TASK INSTRUCTIONS
From the first line to the last, repeat the data exactly and drop the pictures.

ENTRIES SUPPLIED
○ ○ ○ ○ ○ ○ ○

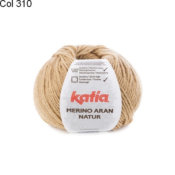 La laine Merino aran Natur de Katia est parfaite pour tricoter et crocheter col, pull, gilet et veste pour toute la famille.
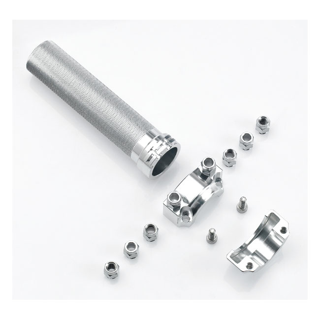 Voor stuur "1". CNC-gefreesde legering gasklephuis met gegoten aluminium klem. Incl. twee sets van vier kabelhulzen voor universele en standaard 74-95 schroef, 81-95 schroef & 96-up borgringontwerp HD-toepassingen en aangepaste kabels in een enkele of dubbele kabelopstelling in combinatie met een "1" diameter stuur. Zal standaard HD-gashendels nemen.
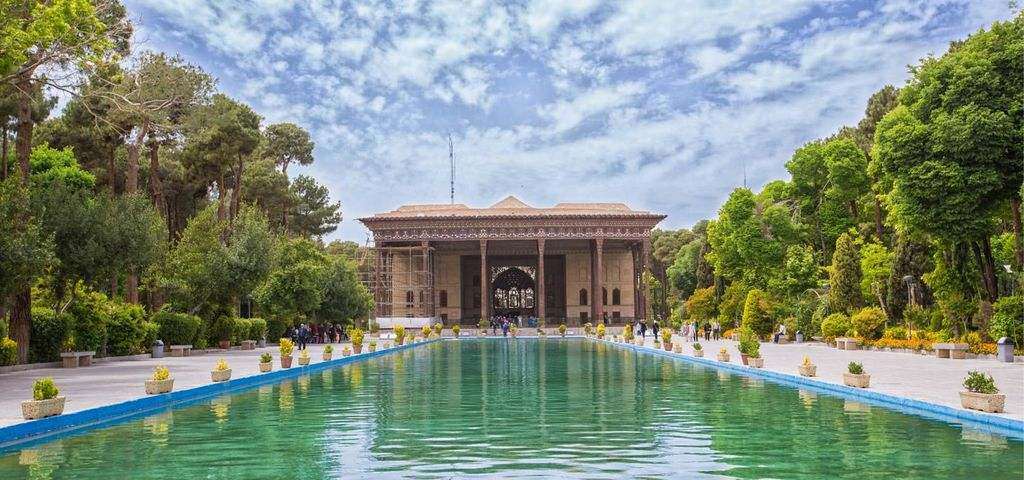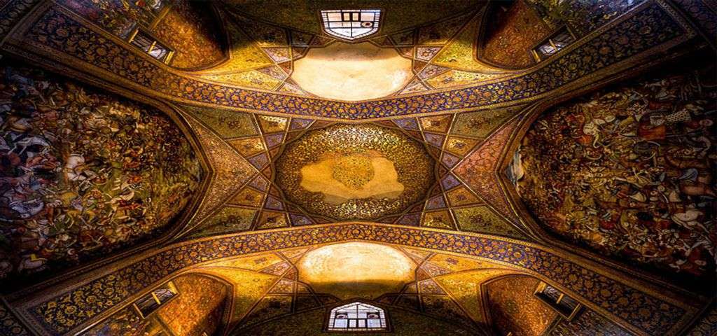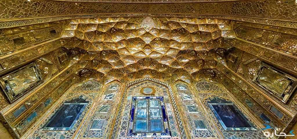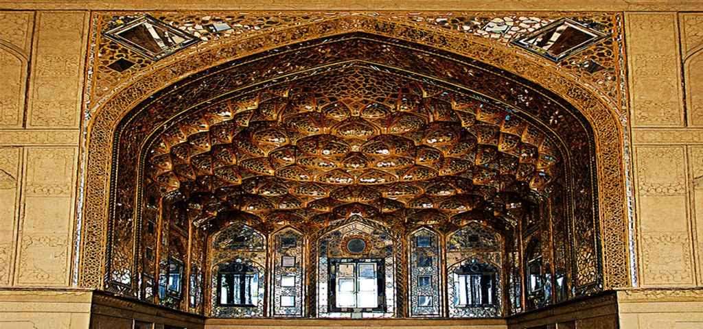 Mirror hall, the 18 Sotoun hall, the two large rooms north and south of the Mirror hall, the porches on either side of the royal hall, and the large pool in front of the hall with all the paintings, mirrors, and tiles on the walls and ceilings show the original Iranian architecture.
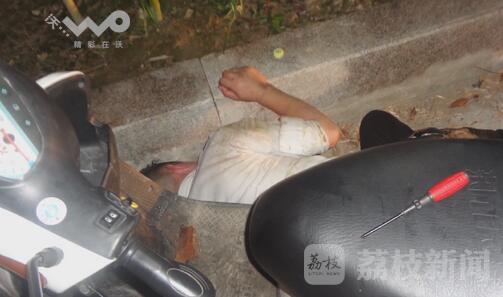 在7月27日晚,徐州王场派出所民警接到群众报警,称其电动车刚刚被盗。民警按照嫌疑人可能逃走的路线搜索,很快发现了意外的一幕。这名男子栽倒在报警人的电动车旁,已经昏睡不醒,民警喊了半天,一点反应没有。
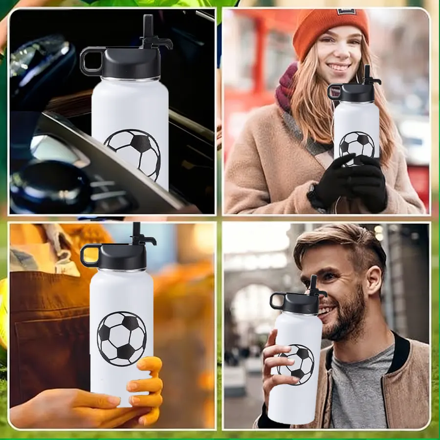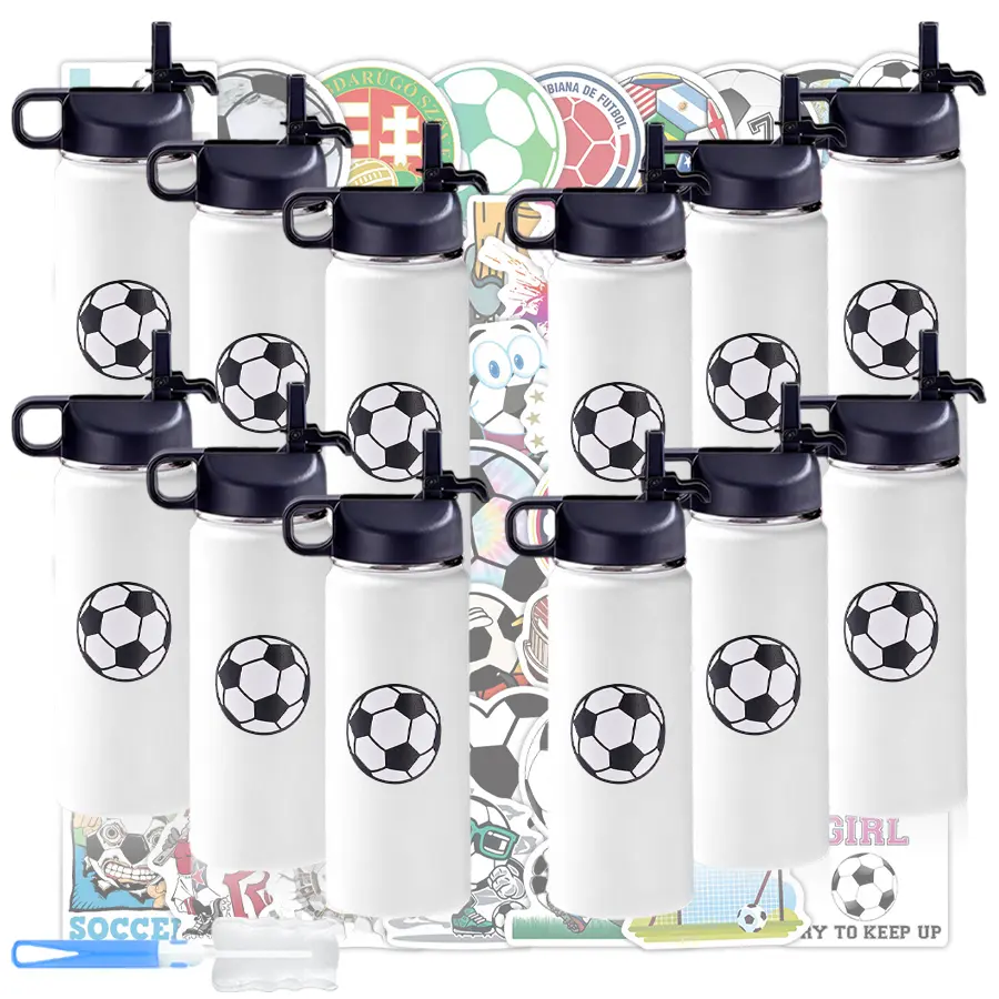 12 pcs 32 oz reusable stainless steel cups, indoor soccer cups for iced coffee, hot and cold beverages and juices, perfect for soccer games, graduation events and daily hydration must-haves, perfect gift for mother's day, graduation season
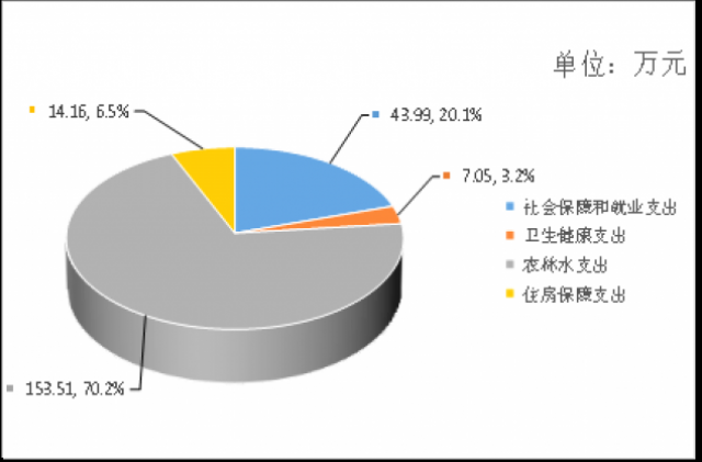 2024年度一般公共预算财政拨款支出219.16万元,主要用于以下方面:社会保障和就业支出43.99万元,占20.1%;卫生健康支出7.05万元,占3.2%;农林水支出153.51万元,占70.2%;住房保障支出14.61万元,占6.5%。
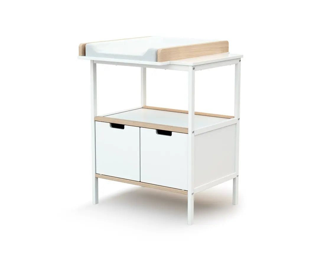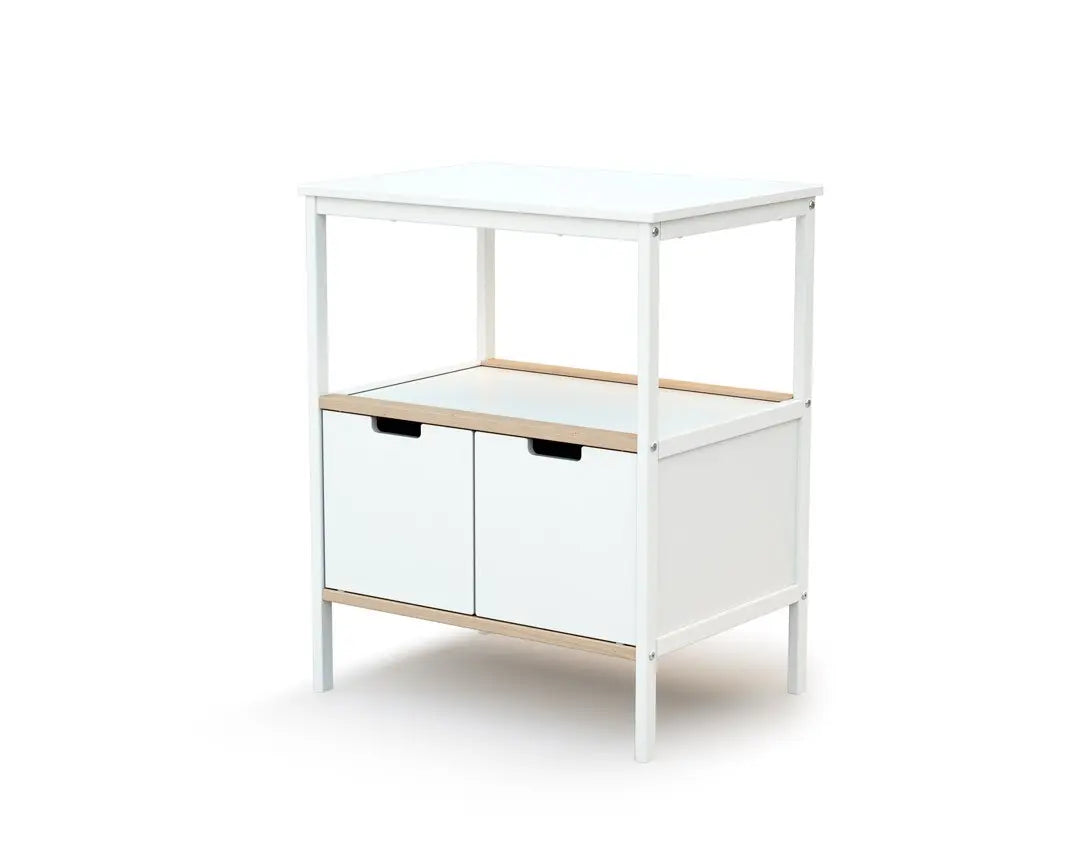 Un meuble à langer moderne et pratique : avec une large étagère ouverte en partie haute et 2 portes pour fermer la partie basse, il présente un espace de rangement ergonomique.
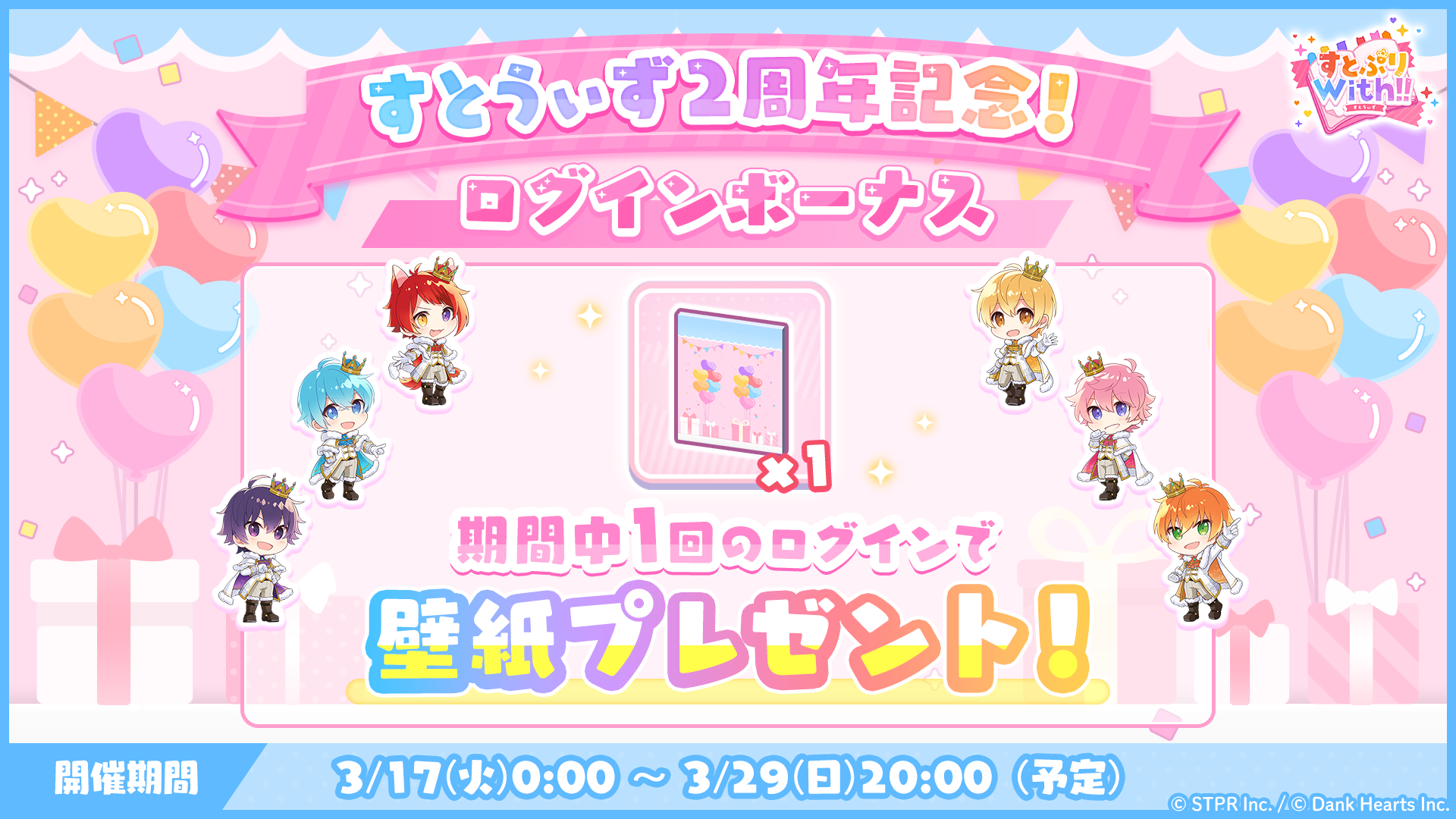 開催期間中にログインすると、すとうぃず2nd Anniversaryの壁紙を獲得いただけます。

○ ○ ○ ○ ○ ○ ○

RESPONSE BELOW
 La laine Merino aran Natur de Katia est parfaite pour tricoter et crocheter col, pull, gilet et veste pour toute la famille.
 Voor stuur "1". CNC-gefreesde legering gasklephuis met gegoten aluminium klem. Incl. twee sets van vier kabelhulzen voor universele en standaard 74-95 schroef, 81-95 schroef & 96-up borgringontwerp HD-toepassingen en aangepaste kabels in een enkele of dubbele kabelopstelling in combinatie met een "1" diameter stuur. Zal standaard HD-gashendels nemen.
 Mirror hall, the 18 Sotoun hall, the two large rooms north and south of the Mirror hall, the porches on either side of the royal hall, and the large pool in front of the hall with all the paintings, mirrors, and tiles on the walls and ceilings show the original Iranian architecture.
 在7月27日晚,徐州王场派出所民警接到群众报警,称其电动车刚刚被盗。民警按照嫌疑人可能逃走的路线搜索,很快发现了意外的一幕。这名男子栽倒在报警人的电动车旁,已经昏睡不醒,民警喊了半天,一点反应没有。
 12 pcs 32 oz reusable stainless steel cups, indoor soccer cups for iced coffee, hot and cold beverages and juices, perfect for soccer games, graduation events and daily hydration must-haves, perfect gift for mother's day, graduation season
 2024年度一般公共预算财政拨款支出219.16万元,主要用于以下方面:社会保障和就业支出43.99万元,占20.1%;卫生健康支出7.05万元,占3.2%;农林水支出153.51万元,占70.2%;住房保障支出14.61万元,占6.5%。
 Un meuble à langer moderne et pratique : avec une large étagère ouverte en partie haute et 2 portes pour fermer la partie basse, il présente un espace de rangement ergonomique.
 開催期間中にログインすると、すとうぃず2nd Anniversaryの壁紙を獲得いただけます。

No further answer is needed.